◆ Data records:
= = =

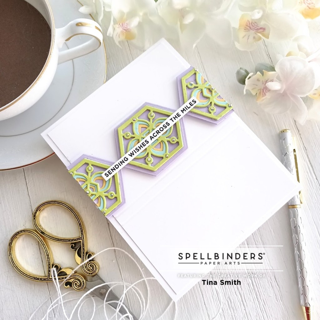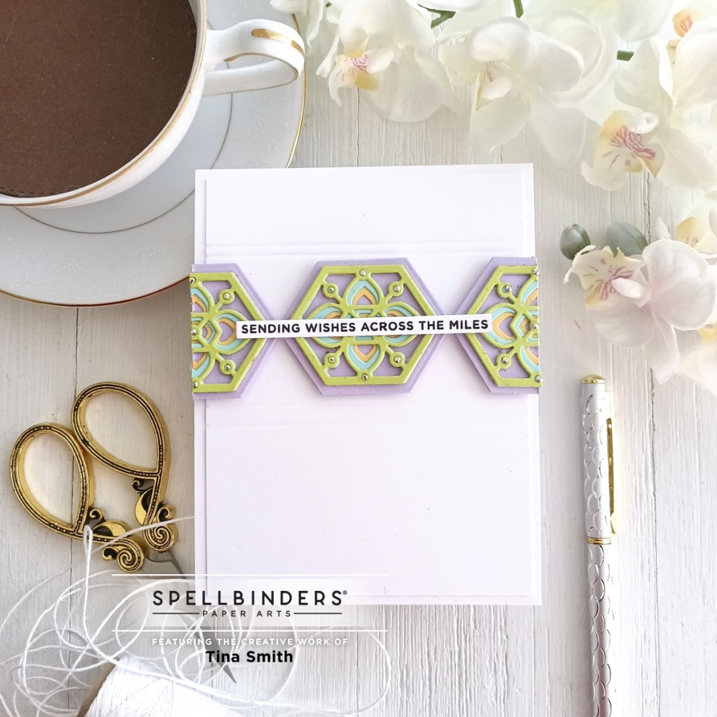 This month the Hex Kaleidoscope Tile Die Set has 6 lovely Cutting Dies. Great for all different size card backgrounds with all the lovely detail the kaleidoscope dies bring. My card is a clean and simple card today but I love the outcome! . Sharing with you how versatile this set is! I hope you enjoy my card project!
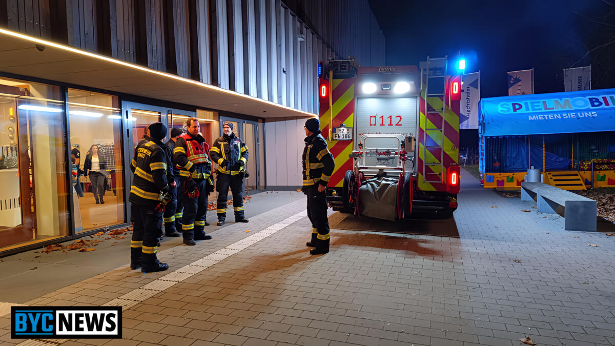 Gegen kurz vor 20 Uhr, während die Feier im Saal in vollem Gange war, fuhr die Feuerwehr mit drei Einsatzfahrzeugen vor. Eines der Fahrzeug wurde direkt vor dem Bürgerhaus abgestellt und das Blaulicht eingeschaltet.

= = =

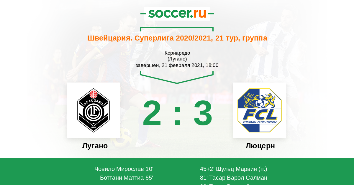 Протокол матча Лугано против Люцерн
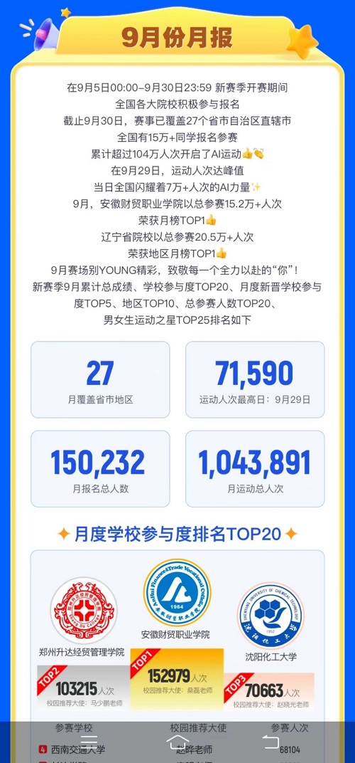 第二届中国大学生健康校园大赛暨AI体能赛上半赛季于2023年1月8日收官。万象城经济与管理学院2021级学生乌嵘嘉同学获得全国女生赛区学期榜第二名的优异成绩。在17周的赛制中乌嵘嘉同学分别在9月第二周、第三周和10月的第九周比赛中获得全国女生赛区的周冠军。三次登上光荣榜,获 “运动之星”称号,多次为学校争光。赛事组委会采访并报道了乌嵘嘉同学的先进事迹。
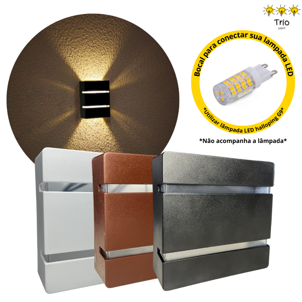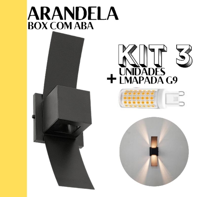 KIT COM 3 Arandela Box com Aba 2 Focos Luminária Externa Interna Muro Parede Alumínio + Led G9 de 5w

= = =

◆ Work instructions:
From the data above, return only the lines starting at the line that holds "This month the Hex" and ending at the line that holds "Gegen kurz vor", word for word and without pictures.

◆ Solution for this problem:
 This month the Hex Kaleidoscope Tile Die Set has 6 lovely Cutting Dies. Great for all different size card backgrounds with all the lovely detail the kaleidoscope dies bring. My card is a clean and simple card today but I love the outcome! . Sharing with you how versatile this set is! I hope you enjoy my card project!
 Gegen kurz vor 20 Uhr, während die Feier im Saal in vollem Gange war, fuhr die Feuerwehr mit drei Einsatzfahrzeugen vor. Eines der Fahrzeug wurde direkt vor dem Bürgerhaus abgestellt und das Blaulicht eingeschaltet.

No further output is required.